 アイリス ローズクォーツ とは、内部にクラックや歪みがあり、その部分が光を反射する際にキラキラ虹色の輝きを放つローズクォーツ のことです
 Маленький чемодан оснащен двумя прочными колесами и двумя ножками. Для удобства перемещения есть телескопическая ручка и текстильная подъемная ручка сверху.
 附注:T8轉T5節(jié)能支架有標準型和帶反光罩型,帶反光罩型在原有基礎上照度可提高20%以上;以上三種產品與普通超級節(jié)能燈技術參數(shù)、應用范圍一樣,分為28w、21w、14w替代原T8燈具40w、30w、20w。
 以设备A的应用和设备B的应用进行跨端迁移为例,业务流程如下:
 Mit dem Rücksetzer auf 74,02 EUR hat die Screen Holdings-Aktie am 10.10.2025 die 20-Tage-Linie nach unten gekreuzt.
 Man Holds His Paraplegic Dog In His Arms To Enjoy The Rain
==
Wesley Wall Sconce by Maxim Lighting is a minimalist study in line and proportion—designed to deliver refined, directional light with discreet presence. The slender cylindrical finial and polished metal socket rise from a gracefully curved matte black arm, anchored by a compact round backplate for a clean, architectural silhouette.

Exercise goal
In the entries above, find the line holding "附注:T8轉T5節(jié)" and the line holding "Man Holds His", then retype exactly those two lines and every line between them, and nothing else.

Answer
 附注:T8轉T5節(jié)能支架有標準型和帶反光罩型,帶反光罩型在原有基礎上照度可提高20%以上;以上三種產品與普通超級節(jié)能燈技術參數(shù)、應用范圍一樣,分為28w、21w、14w替代原T8燈具40w、30w、20w。
 以设备A的应用和设备B的应用进行跨端迁移为例,业务流程如下:
 Mit dem Rücksetzer auf 74,02 EUR hat die Screen Holdings-Aktie am 10.10.2025 die 20-Tage-Linie nach unten gekreuzt.
 Man Holds His Paraplegic Dog In His Arms To Enjoy The Rain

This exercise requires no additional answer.